──────── Data provided ────────

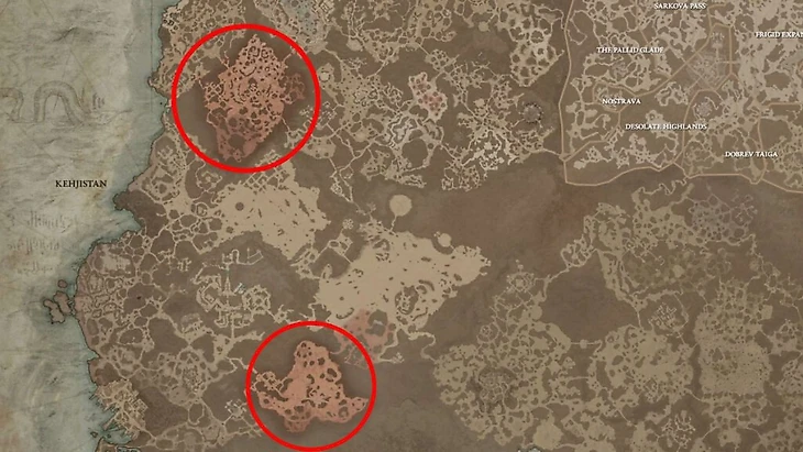 В Diablo 4 два Поля ненависти: первый находится в регионе Сухие степи, второй – в Кеджистане. Обе локации помечены на карте красным цветом.
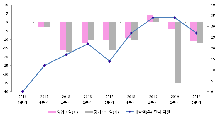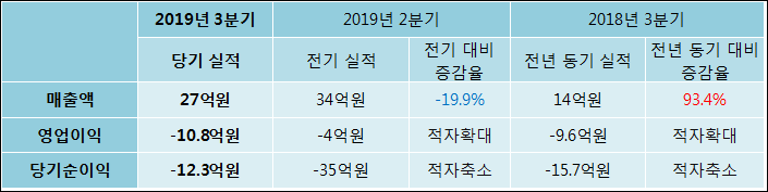 11월 13일 지엘팜텍(204840)의 2019년 3분기 연결 확정 실적이 발표됐다. 매출액은 작년 같은 기간 대비해서 93.39% 증가하여 27억원을 달성했다. 영업이익은 -10.8억원으로 -9.6억원에서 적자폭이 확대되었다. 당기순이익은 -15.7억원에서-12.3억원으로 적자축소되었다고 발표했다.
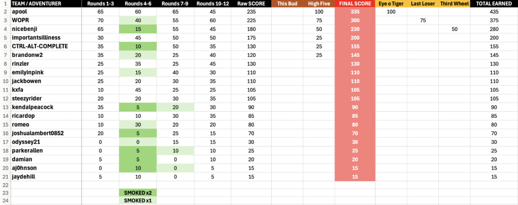 Once the fog lifted, the fight resumed in full force with most combatants regaining their senses and racking up better point totals during the latter Rounds. While the front runners continued to set the pace for the field, importantsillinessrinzlersteezyrider, emilyinpink, and the new Adventuring Party CNTRL-ALT-COMPLETE (formed at the very last second) scoring particularly well in the last Quarter.
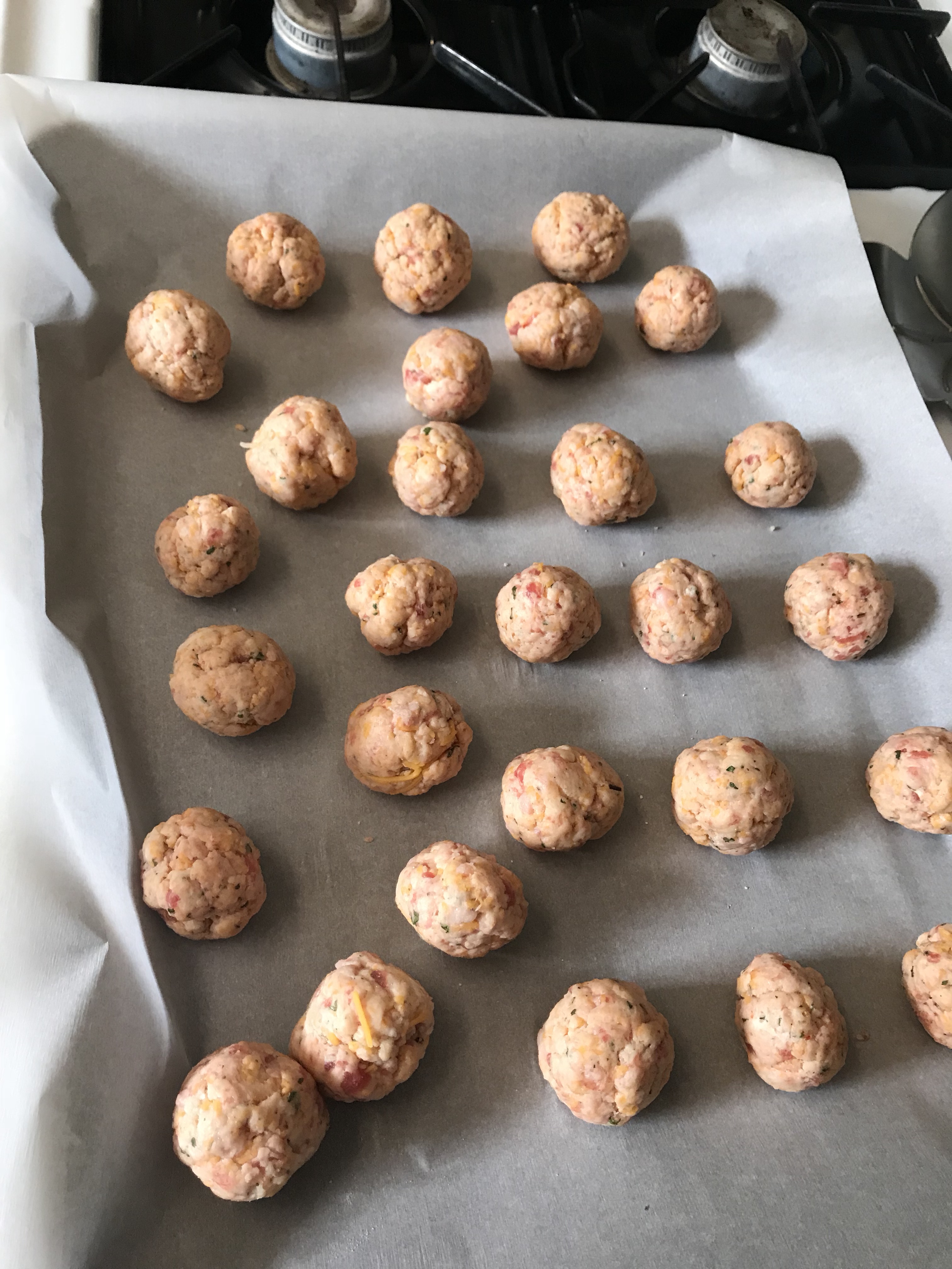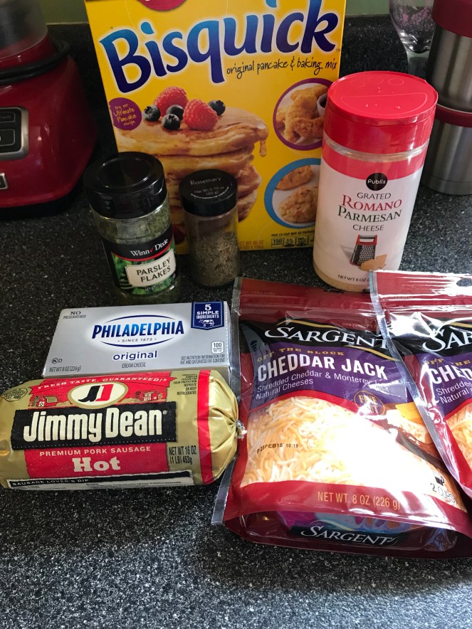 I froze half of the mixture. These were creamy, moist, and had a bit of a kick due to the hot sausage (used Jimmy Dean’s Hot). I loved the original recipe of the sausage balls without the cream cheese, but these are so much better.

────────

What the task asks: Every line above should be repeated exactly; pictures stay out of the copy.

Task solution:
 В Diablo 4 два Поля ненависти: первый находится в регионе Сухие степи, второй – в Кеджистане. Обе локации помечены на карте красным цветом.
 11월 13일 지엘팜텍(204840)의 2019년 3분기 연결 확정 실적이 발표됐다. 매출액은 작년 같은 기간 대비해서 93.39% 증가하여 27억원을 달성했다. 영업이익은 -10.8억원으로 -9.6억원에서 적자폭이 확대되었다. 당기순이익은 -15.7억원에서-12.3억원으로 적자축소되었다고 발표했다.
 Once the fog lifted, the fight resumed in full force with most combatants regaining their senses and racking up better point totals during the latter Rounds. While the front runners continued to set the pace for the field, importantsillinessrinzlersteezyrider, emilyinpink, and the new Adventuring Party CNTRL-ALT-COMPLETE (formed at the very last second) scoring particularly well in the last Quarter.
 I froze half of the mixture. These were creamy, moist, and had a bit of a kick due to the hot sausage (used Jimmy Dean’s Hot). I loved the original recipe of the sausage balls without the cream cheese, but these are so much better.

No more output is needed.